**WHAT YOU HAVE TO DO**
The lines from the beginning of the records below through the one holding "This chic ivory" are to be copied exactly; leave the pictures out.

[Stored records]
:::::
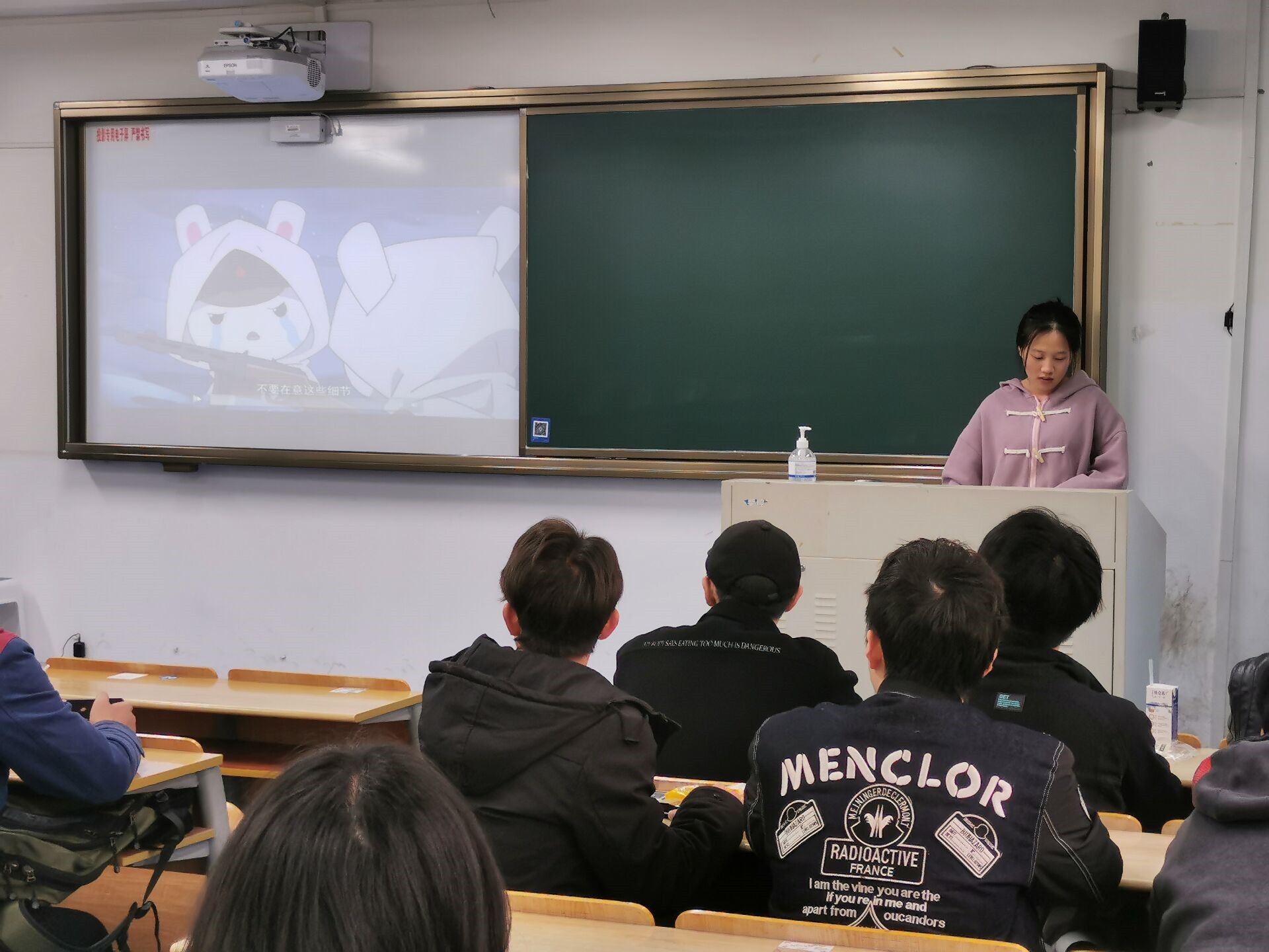 王沪遥同学围绕冰雕连的事迹展开宣讲,通过这一段感人的故事拨动在场同学们的心弦,总结出令行禁止、视死如归的“冰雕连精神”,最终以一句“吾辈将承遗志,砥砺前行”留下无尽的联想。
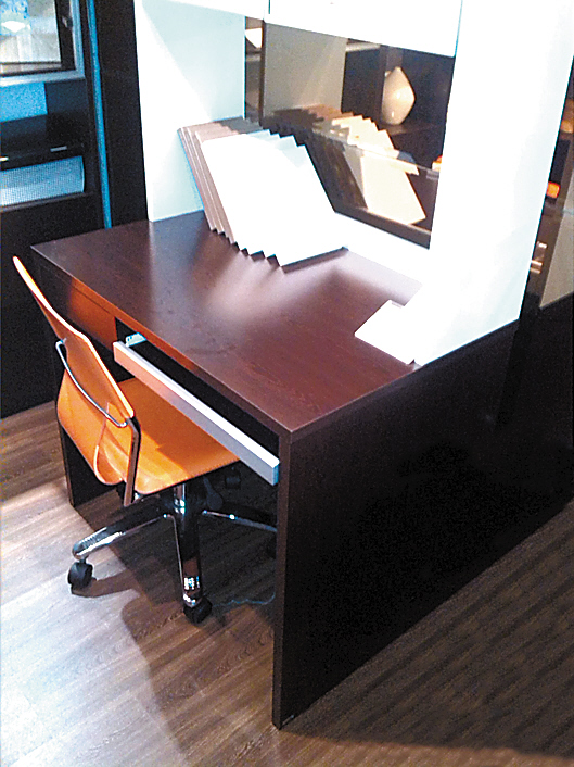 整体尺寸较小,书柜部分喷上金属漆,隐约透出金属光泽与现代感,与棕色实木搭配带来视觉冲击。
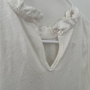 This chic ivory tank top features a delicate ruffle neckline, perfect for adding a touch of elegance to your wardrobe. Ideal for casual outings or dressing up for a special occasion.
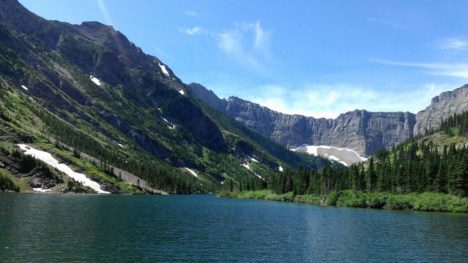 | Our second hike in Glacier centered around Lake McDonald, which is as gorgeous as it comes. The bright teal color of the water comes from fine dust that has been ground up and deposited by glaciers. Additionally, the water was remarkably clear, as you can see rocks for multiple meters from the shoreline. |
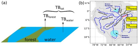 It is well known that the microwave emission is highly impacted by the dielectric constant []. In the present algorithm, we assumed that over the tropical basins, the pixels are only composed of two contributions: the water and the forest, such as represented in Figure 3.
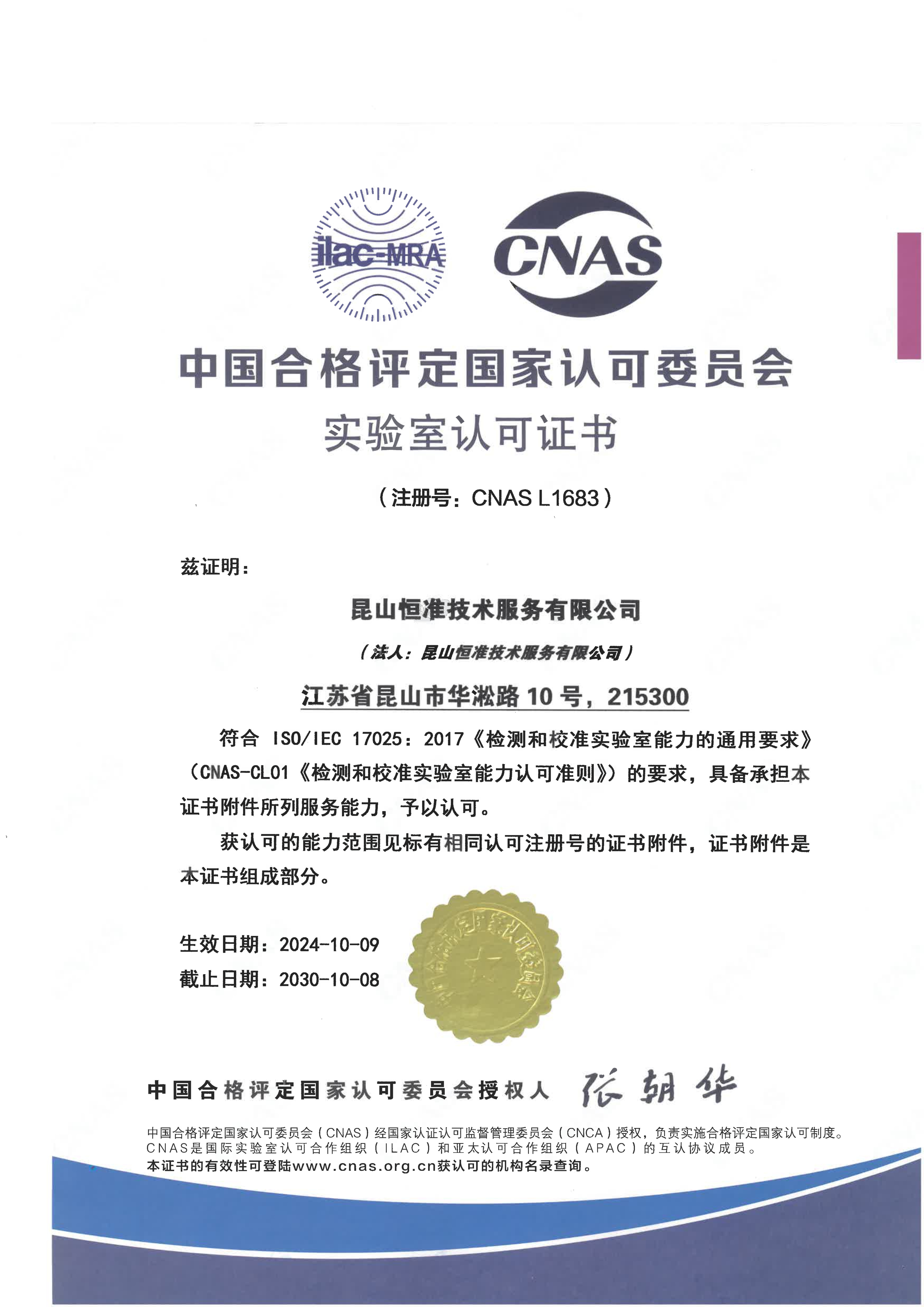 我司實驗室為中國合格評定國家認可委員會CNAS認可實驗室,校準、檢測之管理技術均符合ISO/IEC 17025的要求,并承諾持續(xù)的改善管理體系和提升客戶滿意度。
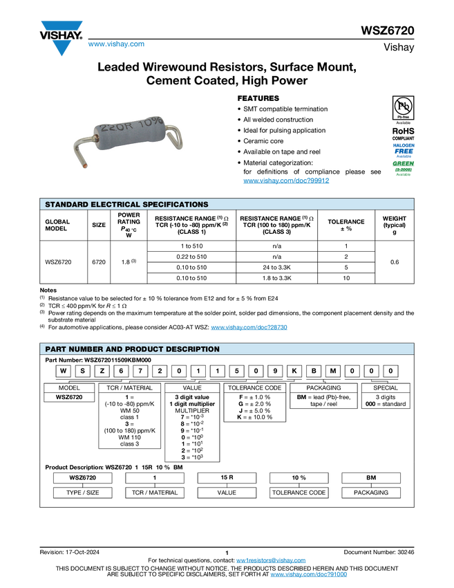 Leaded Wirewound Resistors, Surface Mount, Silicone or Cement Coated, High Power
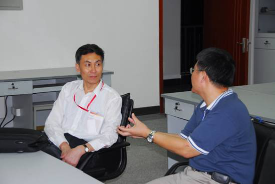 2008年9月,教育部本科教學(xué)評估專家屈展(左)在我校考察
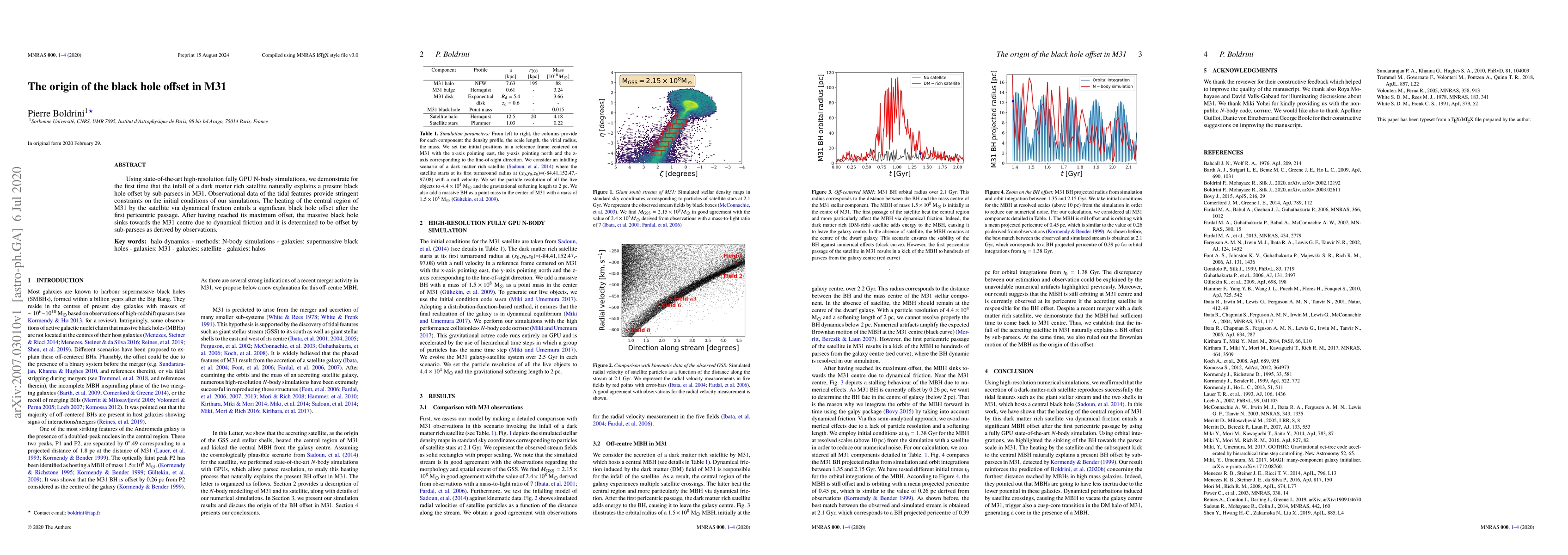 Researchers used computer simulations to show that a dark matter-rich satellite's infall naturally explains a black hole offset of less than 1 parsec in the Andromeda galaxy M31. The simulations matched observational data on tidal features, predicting a significant black hole offset after its first pericentric passage.
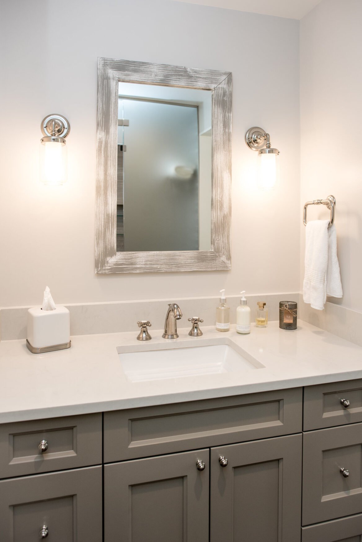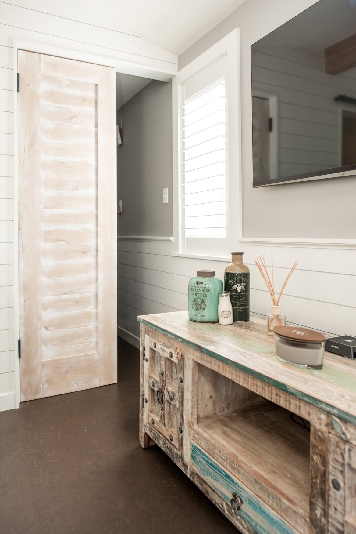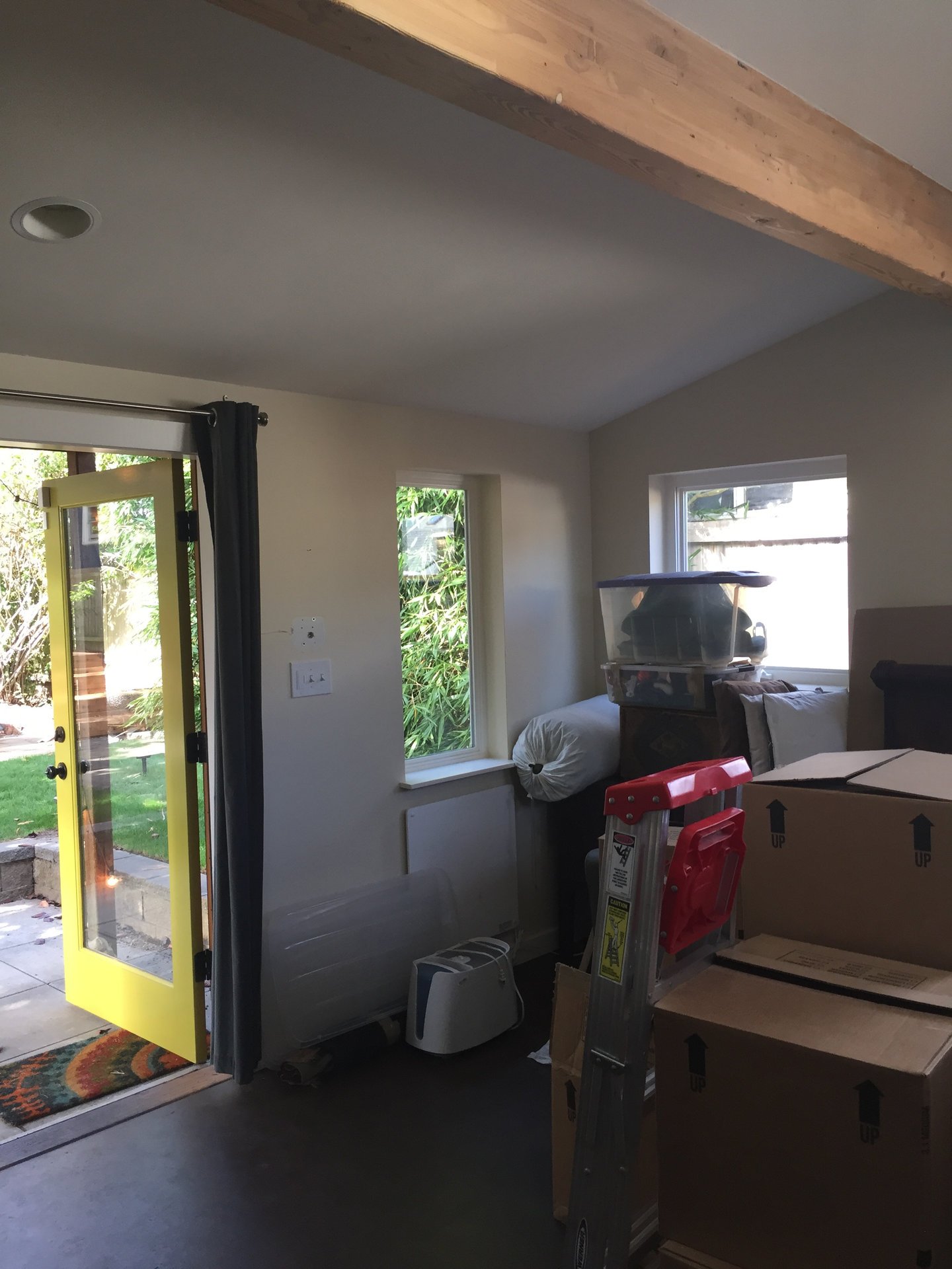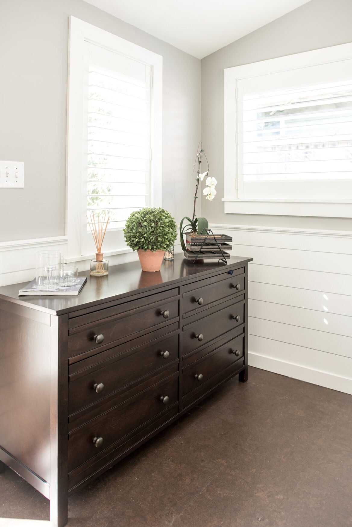 A backyard cottage may be the ultimate home accessory. But this little bungalow does more than just add charm to the backyard of this stately Queen Anne residence. It is serving as a home base for the owners while we complete a gut renovation of the main house. And a cozy home base it is! The structure started as an open workshop, and we added a luxurious bathroom, custom vanity, and ship-lap wainscoting throughout. In the process, the style was updated from contemporary to transitional, to match the new design of the main house.
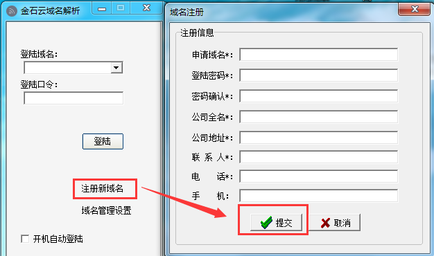 安裝完成后,在桌面打開快捷方式,在彈出的對話框中注冊新域名。然后使用新域名登陸。
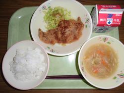 29日(木) ごはん 牛乳 とんカツ ボイルドキャベツ みそ汁 ★今日のとんカツは、調理員さんが一枚ずつ衣をつけて、 油で揚げて作りました。感謝の気持ちをもち、 心をこめてあいさつをしていただきました。 |
:::::
**RESULT OF THIS TASK**
 王沪遥同学围绕冰雕连的事迹展开宣讲,通过这一段感人的故事拨动在场同学们的心弦,总结出令行禁止、视死如归的“冰雕连精神”,最终以一句“吾辈将承遗志,砥砺前行”留下无尽的联想。
 整体尺寸较小,书柜部分喷上金属漆,隐约透出金属光泽与现代感,与棕色实木搭配带来视觉冲击。
 This chic ivory tank top features a delicate ruffle neckline, perfect for adding a touch of elegance to your wardrobe. Ideal for casual outings or dressing up for a special occasion.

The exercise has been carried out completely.